Captives at the Core: The Foundation of a Risk Financing Strategy
This marks the 10th year that we have published an in-depth captive report. Based on data from over 1,100 captives managed by Marsh, this year’s report focuses on understanding how captives are being used depending on geography, risk issue, and/or industry, surfacing opportunities that may exist for greater utilization.
Among the key findings from the report:
- Since 2006, there has been a 40% increase in the number of captives formed globally.
- In the face of growing global economic and political uncertainty, and disruption from technology innovation, companies view captives as being at the core of innovative risk management strategies.
- Funding corporate retained risk is a key value driver of captive formation, providing the flexibility to adjust risk retention strategies in response to market cycles or changes in exposures.

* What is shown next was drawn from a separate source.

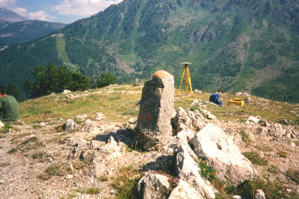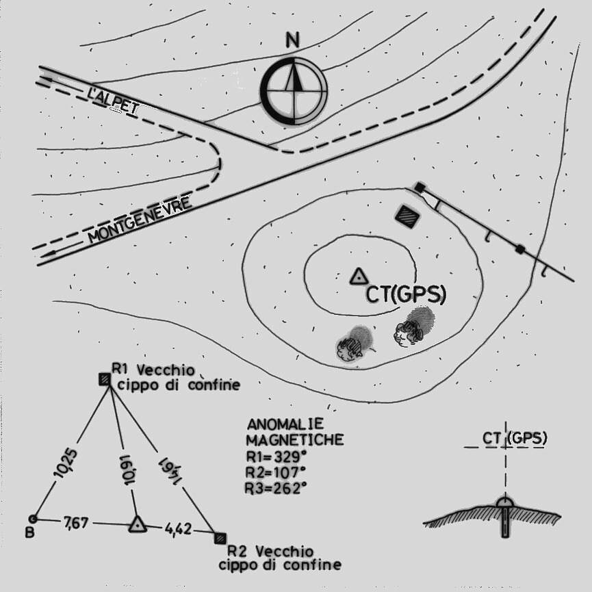 | materializzazione | Centrino in ottone a testa semisferica del diametro di 18 mm fissato su roccia affiorante situata alla sommità del monte omonimo. Riferimenti: R1, R2 (vecchi cippi di confine); B (centrino in ottone). |

- In the past, most captives were formed by parent companies from North America and Europe but, over the past three years, there has been increased interest from emerging geographies.
- There has been, in recent years, an expansion of captive use in industries other than the traditional financial services, health care, and manufacturing sectors – although they continued to dominate the captive arena in 2016.
- Parent companies concerned about economic volatility, rule of law, and government instability are using their captives as a lever to address complex coverages related to geopolitical risk.
The report also analyzes the growth of captives throughout the Americas, Europe, the Middle East, and Asia-Pacific, discusses tax and regulatory changes affecting captives, and provides recommendations for current and prospective captive owners.